DATA LISTING:
>>>>>
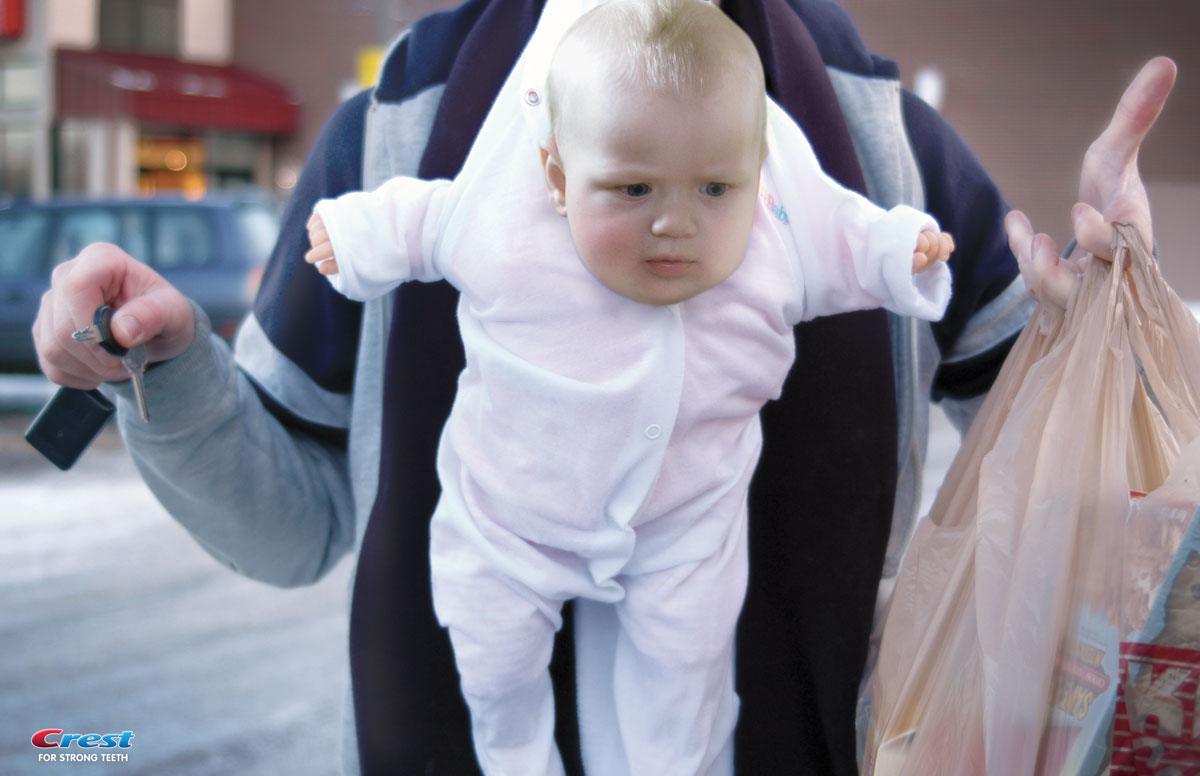 Удачная студенческая реклама зубной пасты CrestЧто делать, когда вам надо открыть машину, а вы держите на руках ребенка? Или нужно взять кубок, а руки заняты? Ответ на этот вопрос нам предлагают студенты из колорадского университета University of Colorado at Boulder, которые создали эти рекламные плакаты для зубной пасты Crest. Если руки заняты, то можно использовать зубы, но только если они сильные благодаря зубной пасте Crest. Надпись: "Crest. Для сильных зубов." Творческий директор (Профессор): Jonathan Schoenberg Арт директор (Студенты): Will Geddes, Tony Cozzolino University of Colorado at Boulder |
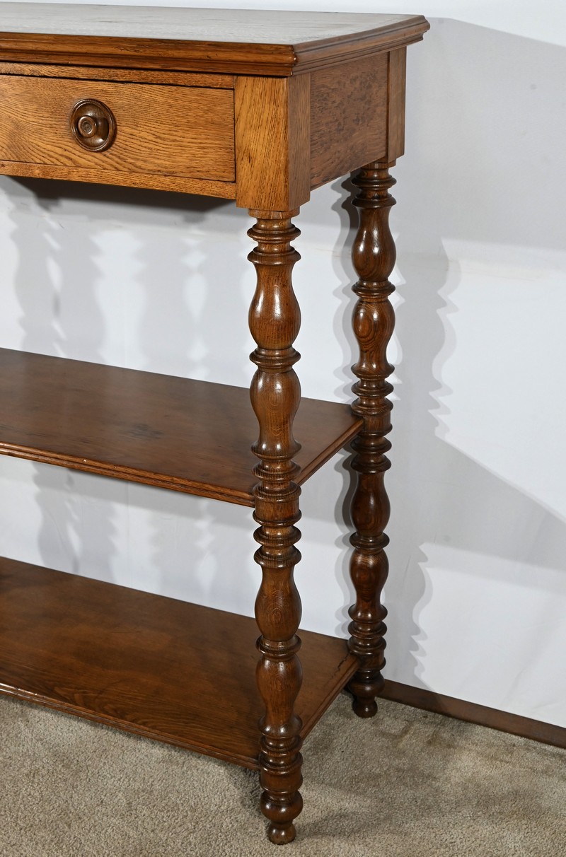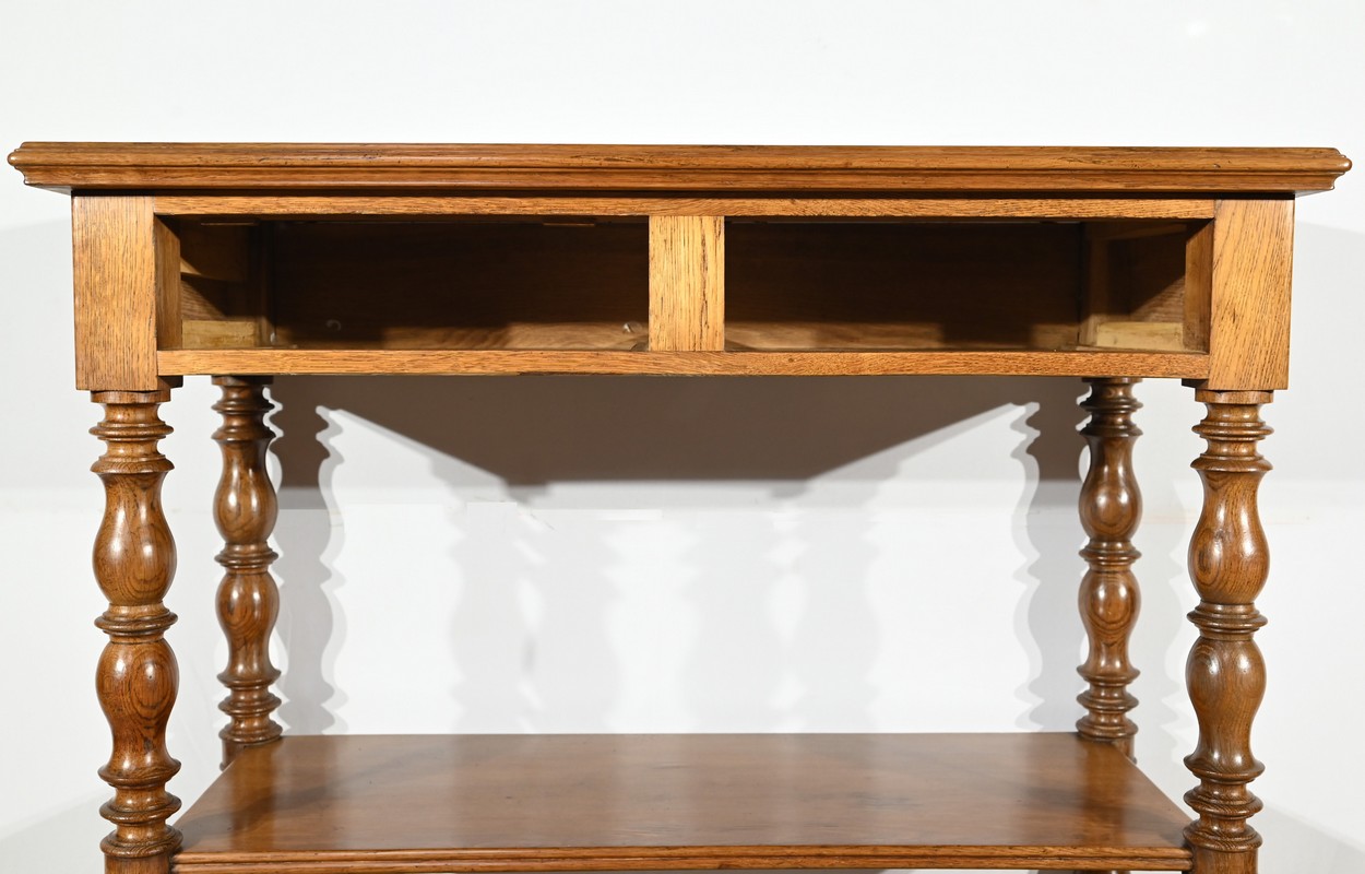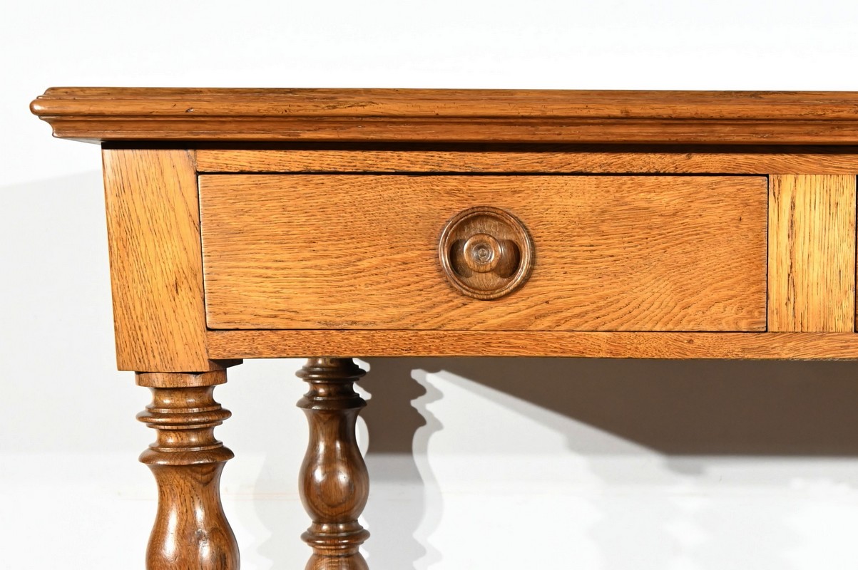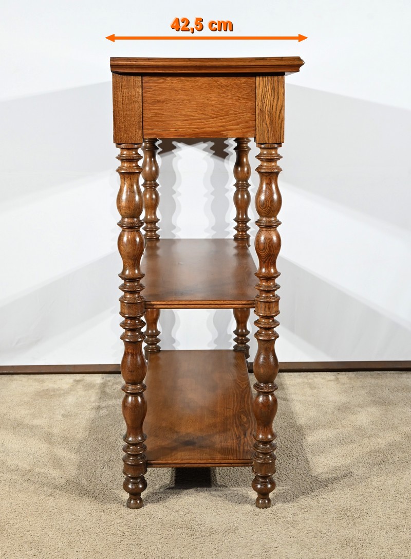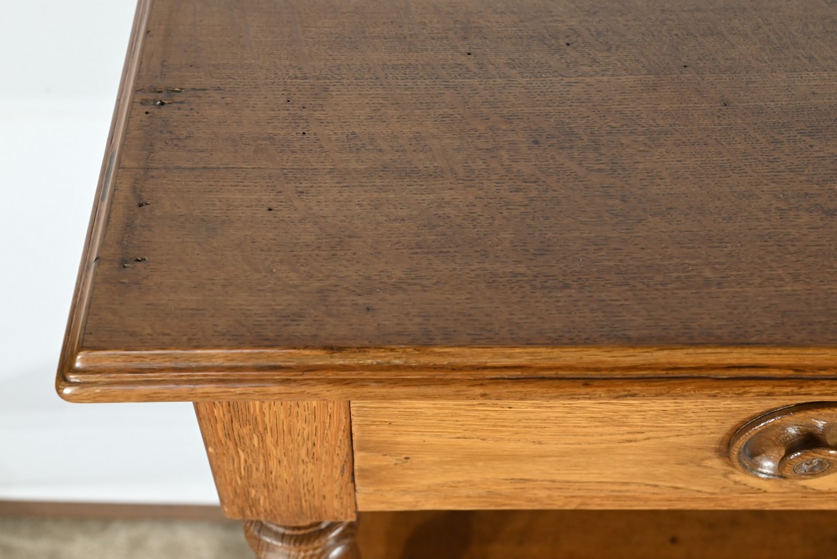 Cette desserte à hauteur d’appui en chêne massif ouvre par deux tiroirs en ceinture à boutons bois tournés.
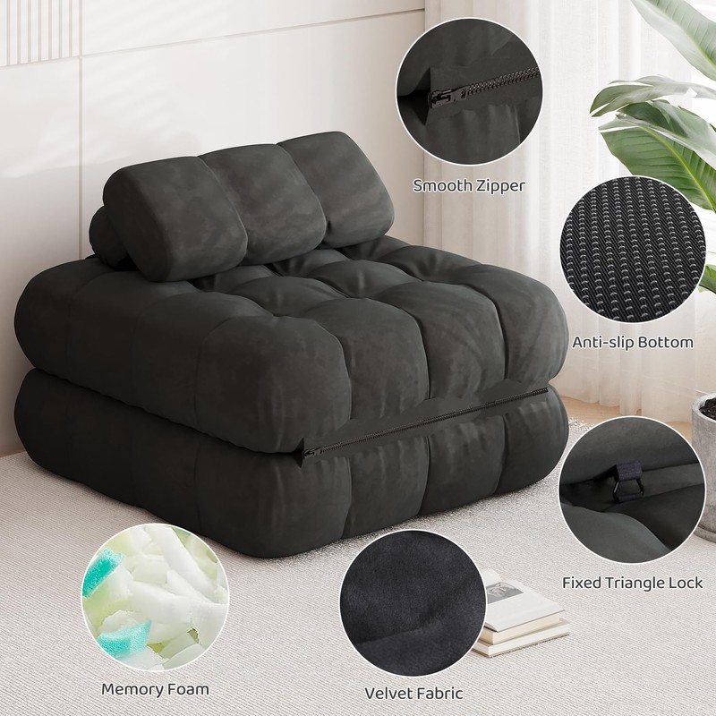 - Thoughtful Details to Improve Practicality: The sofa bed has a triangular buckle design that can fix the round pillow to prevent it from slipping during use. The bottom is an anti-slip layer, which can maintain strong friction even on smooth floors
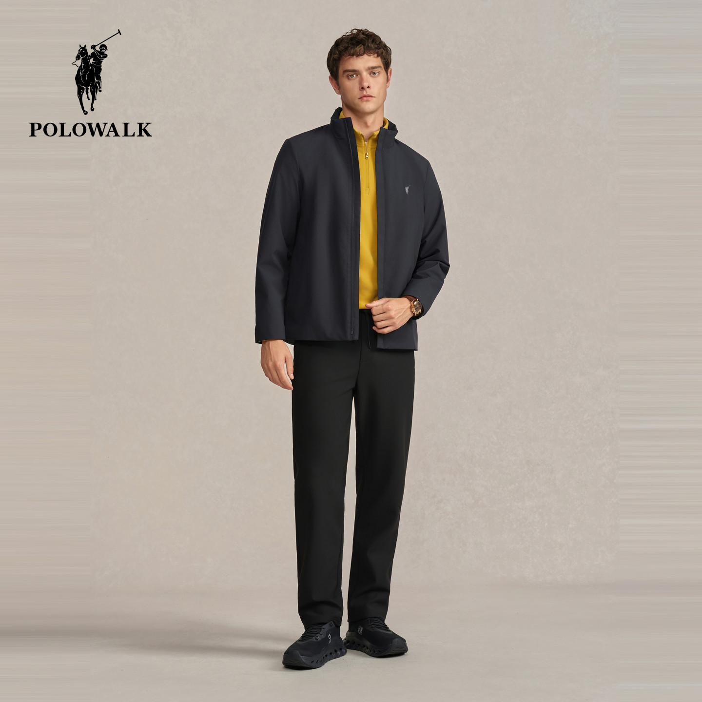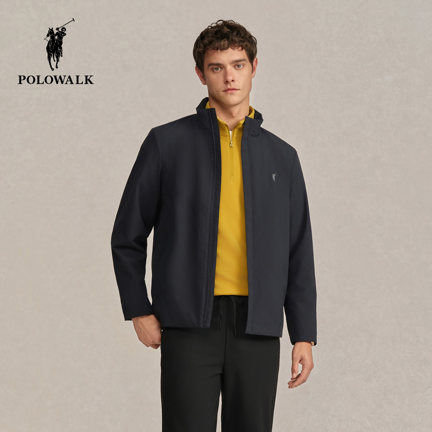 POLOWALK男式夹克2025秋季新品商务百搭立领加绒保暖外套
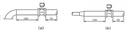 (2)配管應(yīng)與傳感器同心,同軸度應(yīng)不小于0.05D′。
<<<<<
Omit pictures; set down the rest of the material word for word.

 Удачная студенческая реклама зубной пасты CrestЧто делать, когда вам надо открыть машину, а вы держите на руках ребенка? Или нужно взять кубок, а руки заняты? Ответ на этот вопрос нам предлагают студенты из колорадского университета University of Colorado at Boulder, которые создали эти рекламные плакаты для зубной пасты Crest. Если руки заняты, то можно использовать зубы, но только если они сильные благодаря зубной пасте Crest. Надпись: "Crest. Для сильных зубов." Творческий директор (Профессор): Jonathan Schoenberg Арт директор (Студенты): Will Geddes, Tony Cozzolino University of Colorado at Boulder |
 Cette desserte à hauteur d’appui en chêne massif ouvre par deux tiroirs en ceinture à boutons bois tournés.
 - Thoughtful Details to Improve Practicality: The sofa bed has a triangular buckle design that can fix the round pillow to prevent it from slipping during use. The bottom is an anti-slip layer, which can maintain strong friction even on smooth floors
 POLOWALK男式夹克2025秋季新品商务百搭立领加绒保暖外套
 (2)配管應(yīng)與傳感器同心,同軸度應(yīng)不小于0.05D′。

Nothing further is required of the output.